Privacy Policy

1. Introduction

i. Arova Digital Enterprise ("Arova", "we", "us", "our") operates the Arova Digital Platform, a loyalty and customer relationship management system accessible at arovadigital.com. We are committed to protecting the personal data of every individual who interacts with our platform, whether as a merchant, a customer, or a visitor to our website.

ii. This Privacy Policy explains what personal data we collect, why we collect it, how we use it, who we share it with, how we protect it, and what rights you have over your data. It applies to all users of the Arova platform and website.

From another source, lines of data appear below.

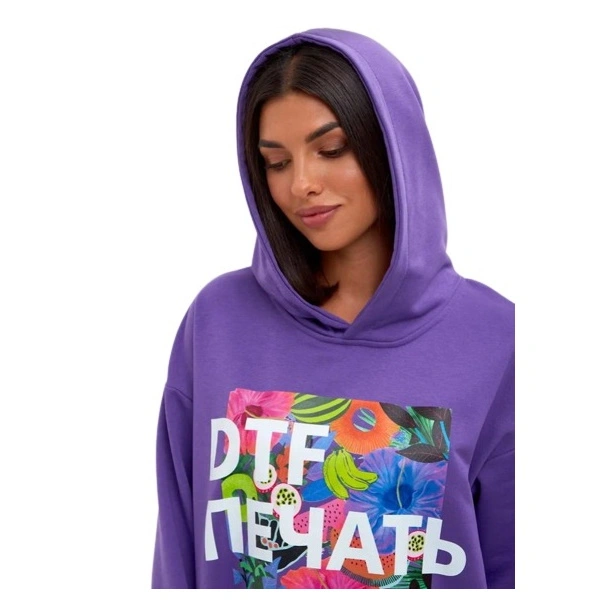 Печать на крое, позволяет делать сложное нанесение на толстовках, печать на мелких деталях, печать на рукаве.
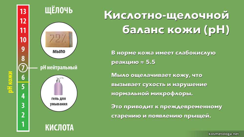 А мыло – это одна сплошная щелочь. То есть умывание с мылом постоянно ощелачивает кожу и нарушает ее естественный pH и нормальную микрофлору.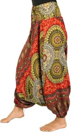 GURU SHOP Afghani Hose, Overall, Jumpsuit, Haremshose, Pluderhose, Pumphose, Aladinhose - Rot/gelb, Damen, Synthetisch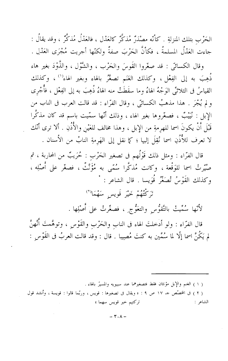 وقال الكسائي: قد صغروا القوس والحرب، والشول، والذود بغير هاء ذهب به إلى الفعل، وكذلك الغنم تصغر بالهاء وبغير الهاء، وكذلك القياس في الثلاثي الوجه الهاء وما سقطت منه الهاء ذهب به إلى الفعل، فأجرى ولم يجر. هذا مذهب الكسائي، وقال الفراء: قد قالت العرب في الناب من الإبل: نييب، فصغروها بغير الهاء، وذلك أنها سميت باسم قد كان مذكرًا قبل أن يكون اسمًا للهرمة من الإبل، وهذا مخالف للعين والأذن. ألا ترى أنك لا تعرف للأذن اسمًا نقل إليها؛ كما نقل إلى الهرمة الناب من الأسنان.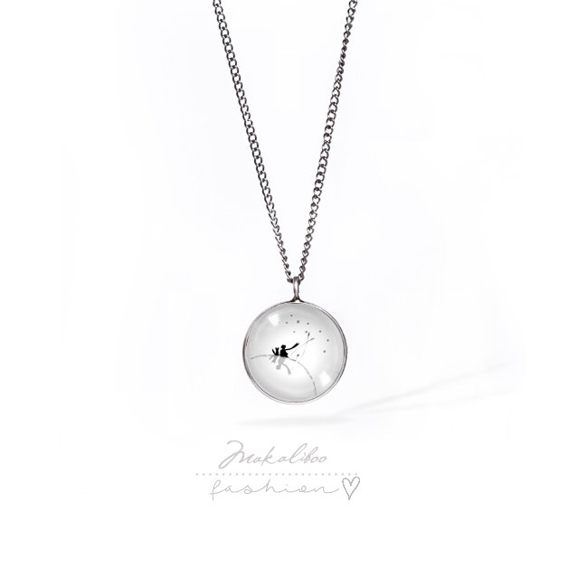 Autorska grafika ukryta pod 16 mm szkiełkiem , baza naszyjnika w kolorze ciemnego srebra, łańcuszek 48 cm.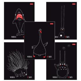 Тетрадь А5 48 л. HATBER скоба, клетка, ламинация, "I Like Black" (микс в спайке), 063153, 48Т5лВ1
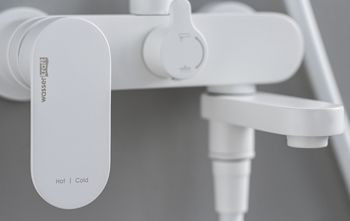 Душевой комплект легко монтируется к стене c помощью двух эксцентриков (подключение смесителя) и одного крепежного элемента (крепление стойки для душ

iii. By registering for or using our platform, you acknowledge that you have read and understood this Privacy Policy. If you do not agree with how we handle your personal data, please do not use the platform.

iv. This Privacy Policy complies with the Data Protection Act 2012 (Act 843) of Ghana.

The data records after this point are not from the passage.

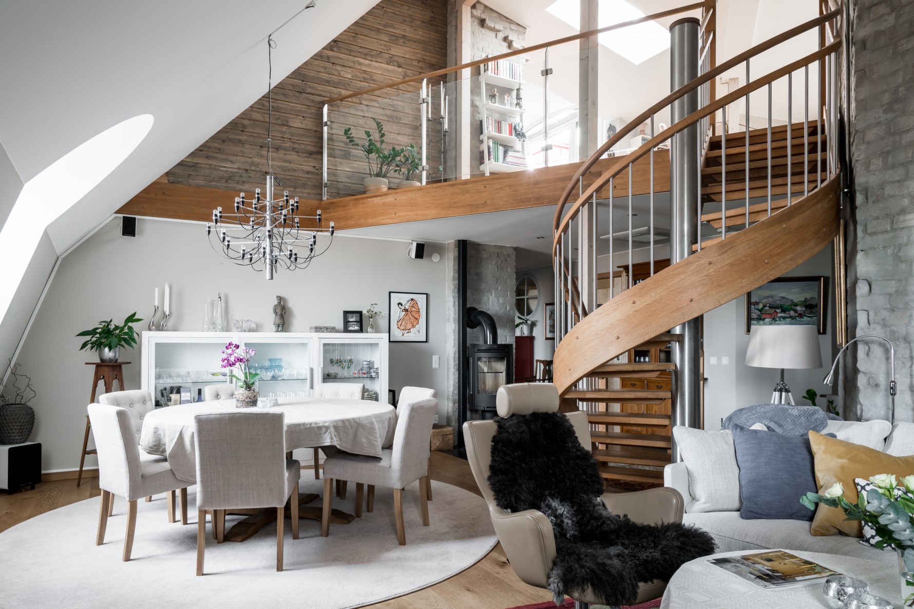 Härliga öppna sällskapsytor som kan inredas med en soffgrupp och matsalsbord för stora middagssällskap. En braskamin bidrar med värme och hög mysfaktor. Fint ljusinsläpp från flera fönsterpartier och snedtak upp i nock. Golvet kläs av ekparkett och väggarna är målade i ljusa toner samt har en karaktäristisk tegelvägg.
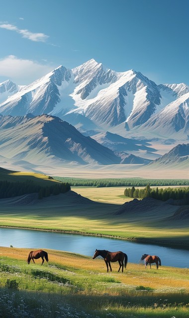 【AIGC】新疆阿勒泰自然风景,山和草原上的马
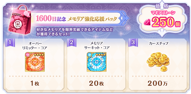 ※「1600日記念 メモリア強化応援パック」のご購入はおひとり様2回までです。

2. Who We Are — Contact Details

Arova Digital Enterprise is the data controller responsible for your personal data.

• Legal name: Arova Digital Enterprise

• Trading name: Arova Digital Platform

• Company registration number: BN020210126

• Email address: hello@arovadigital.com

• Website: arovadigital.com

• WhatsApp: +1 860 869 9899

3. What Personal Data We Collect

3.1 Data collected from merchants

When a business registers on the Arova platform, we collect:

i. Full name of the account owner.
ii. Business name and business registration details.
iii. Email address and phone number.
iv. Business category, country of operation, and currency.
v. Billing information for paid subscription plans (processed by our payment partner — we do not store card details).
vi. Login credentials (passwords are stored in encrypted form and never readable by Arova staff).
vii. Business logo and branding assets if uploaded by the merchant.
viii. Configuration settings chosen by the merchant (reward rates, rules, branch structure).

3.2 Data collected from customers (collected by merchants using our platform)

When merchants record transactions for their customers on the Arova platform, the following data is collected and stored:

i. Customer phone number (primary account identifier).
ii. Customer full name (if provided by the merchant).
iii. Purchase amounts and transaction dates.
iv. Loyalty points balance and full transaction history.
v. Redemption history.
vi. Visit frequency and lifetime spend with that merchant.
vii. Custom fields configured by the merchant (e.g. email address, date of birth, if enabled).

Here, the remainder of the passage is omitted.